À la tribune

Délégation aux collectivités territoriales et à la décentralisation

Michelle Gréaume porte le projet de loi sur la réforme de la formation des élus locaux pour le groupe CRCE

Le Sénat entamait ce jeudi 8 avril 2021 les débats sur le projet de loi relatif à la réforme de la formation des élus locaux.

Michelle Gréaume, Vice-Présidente de la délégation sénatoriale aux collectivités territoriales et à la décentralisation, s’exprimait au nom du groupe CRCE

Michelle Gréaume a d’abord prononcé l’intervention générale, donnant l’avis et l’orientation de vote du groupe CRCE sur ce texte :

Lire le texte de l’intervention

Monsieur le président,
Madame la ministre,
Mes chers collègues,

Depuis l’examen de la loi “Engagement et proximité”, nous avons laissé sur un coin de la table la réforme de la formation des élus. Nous nous retrouvons aujourd’hui autour de ces ordonnances, dont les objectifs initialement fixés étaient assez ambitieux.

Le résultat du travail à huis-clos du Gouvernement, méthode que nous ne cessons de dénoncer, est néanmoins décevant et risque fort de laisser les élus sur leur faim.

Face aux dysfonctionnements des dispositifs de formation actuels, des réponses fortes étaient attendues.
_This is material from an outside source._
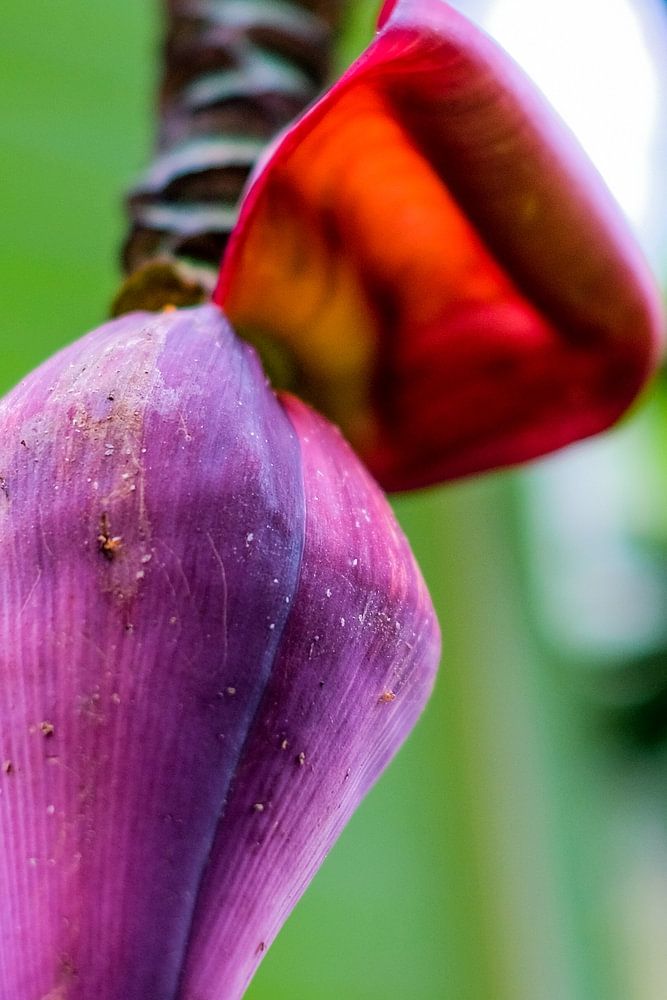 Lila Bananenblüte vor grünem Hintergrund

Si nous approuvons plusieurs mesures, nous estimons qu’elles sont insuffisantes, voire qu’elles participent à la confusion.

Le travail en commission, avec l’adoption notamment de certains de nos amendements, améliore le texte.
En préservant des garanties quant aux droits des élus, comme leur cumulabilité, et en leur donnant une meilleure visibilité et transparence, ou encore en renforçant les obligations des organismes de formations ajoutées par les ordonnances.

Cela étant dit, rendre possible des abondements de la part des collectivités ou des élus eux-mêmes pour renflouer le gouffre financier du fonds pour le droit individuel à la formation des élus ne freine pas les inquiétudes. Comment des communes qui ne respectent pas déjà leur obligation légale de financer la formation de leurs élus pourraient en plus financer le DIFE ? Cela ouvre la voie aux inégalités entre les collectivités qui en seront capables, et celles qui ne le pourront pas, et donc aux inégalités entre élus.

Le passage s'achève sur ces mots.